Everyone wanted Madonna's 1992 album Erotica to be a scandal. In the midst of a culture war, conservatives wanted it to be proof of the decline of family values. The target of conservative loathing, gay men reeling from the AIDS epidemic wanted it to be a celebration of a sexual culture that had rapidly slipped away. And Madonna herself wanted to sell scandal, which is why she released Erotica in the same season as her erotic thriller Body of Evidence and her pornographic coffee-table book simply titled Sex.

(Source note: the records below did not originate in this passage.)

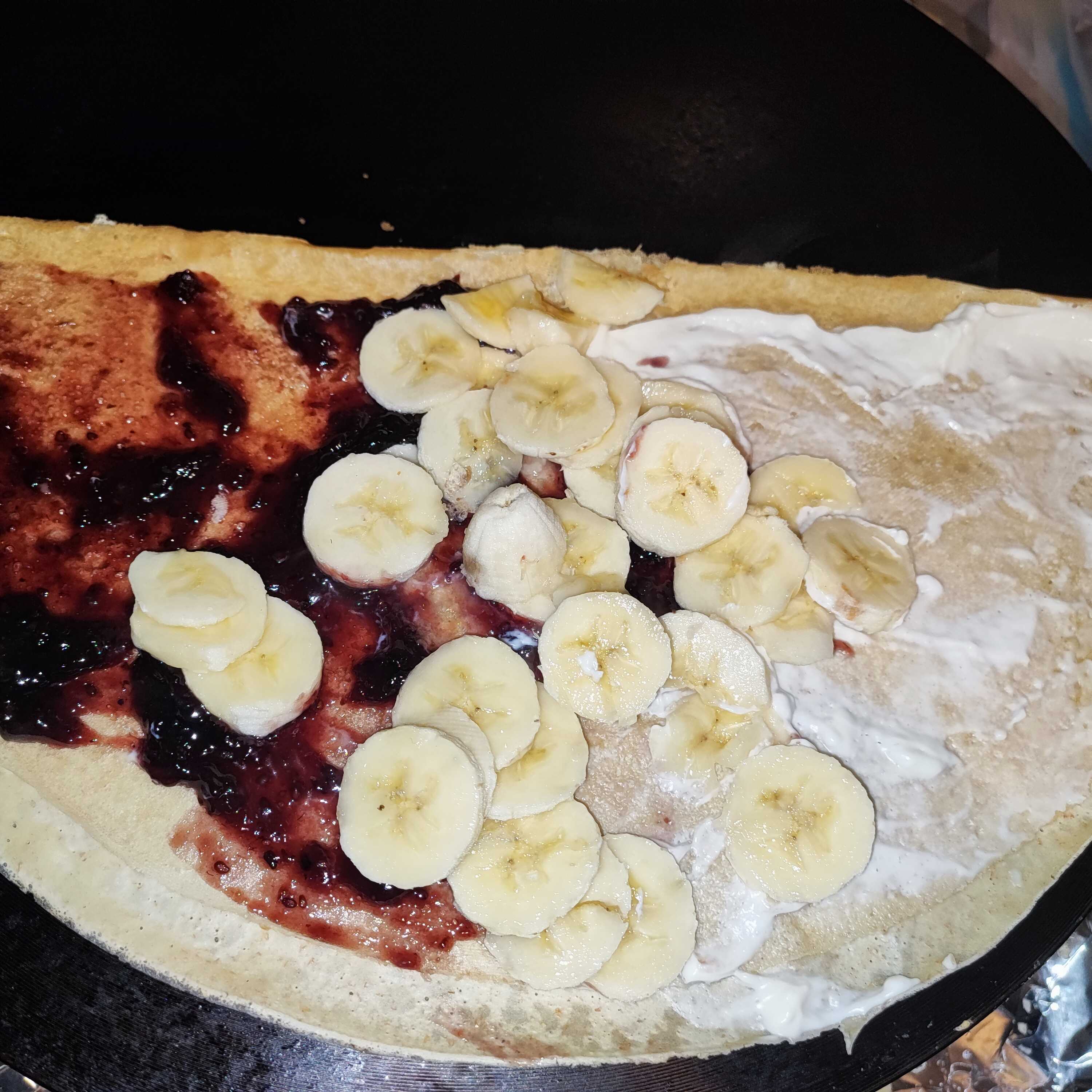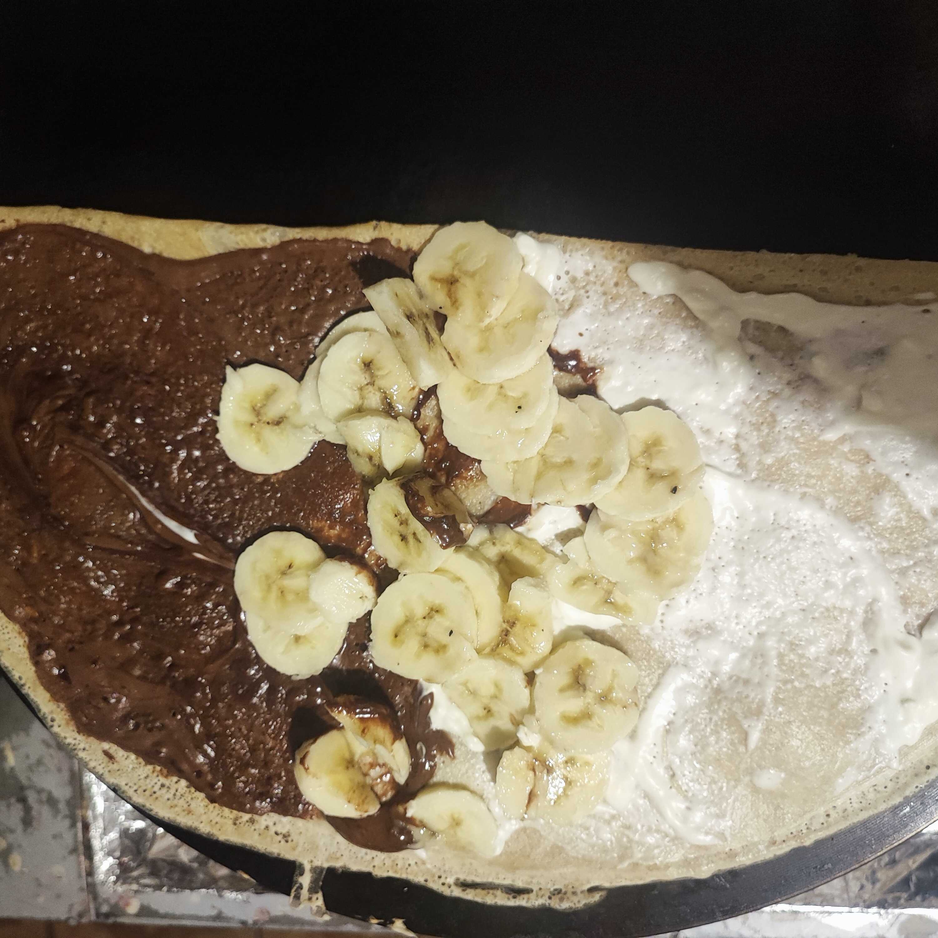 base pan de crepa rellena de queso philadelphia' plátano y Nutella.
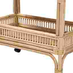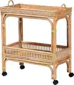 Nurture a tranquil ambiance in your space with the soothing tones of the Fasulo natural bar cart. This bohemian piece is handcrafted from natural rattan. The wide tabletop serves as a wonderful display area while the lower shelf conveniently organizes larger items. The Fasulo will arrive fully assembled and features caster wheels for easy mobility as needed. Rattan is a product of nature and may have variations in areas such as, but not limited to, color, pattern, grain and texture. The hair-like strands of rattan/rattan-fiber are common due to the nature of the material.
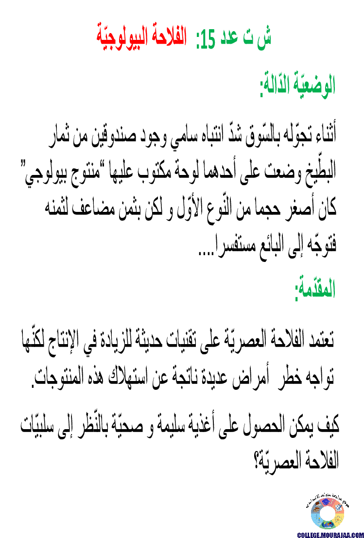 درس حول الفلاحة البيولوجية في مادة علوم الحياة و الارض لتلاميذ سنة الثامنة اساسي
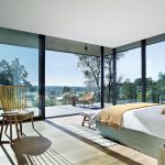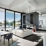 With very strong sustainable design credentials the house uses deep overhangs for shade, high thermal mass walls with heavily insulated enclosures and carefully designed natural ventilation for cooling the interior. Warmth is maintained by high performance double glazing capturing low winter sunshine, plus open fireplaces, solar panels and underfloor heating.
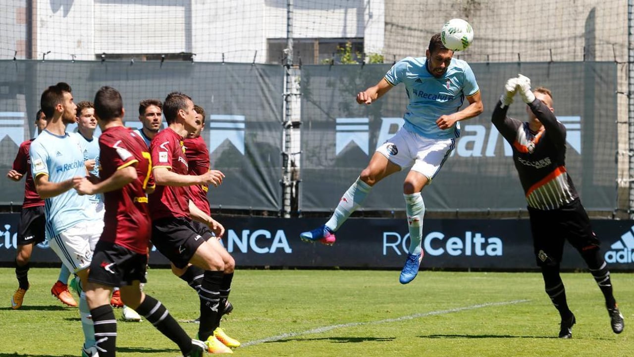 El artillero gallego cabecea a gol durante su etapa en el Celta B.@BorjaIglesias9

But Erotica is more sentimental than pornographic. This ambivalence over sex is what makes the album crucial both for understanding its time and for navigating culture a generation later. As queer politics were transitioning from sexual liberation to civil rights like same-sex marriage, Madonna tried to do both. Her songs proved formative for works of queer theory, which emerged in the academy at the same time as the album. And Erotica was-and is-central to a developing consciousness about cultural appropriation. In this book, I consider Erotica and its legacy by drawing both on the intellectual traditions at the center of today's hysteria over critical race theory and “don't say gay” and on his own experiences as a gay man too young to know the original carnage of AIDS and too old to grow up assuming he could get married. Madonna offered up Erotica as a key entry in the 1990s culture wars. Her album speaks all the more urgently to the culture wars of today.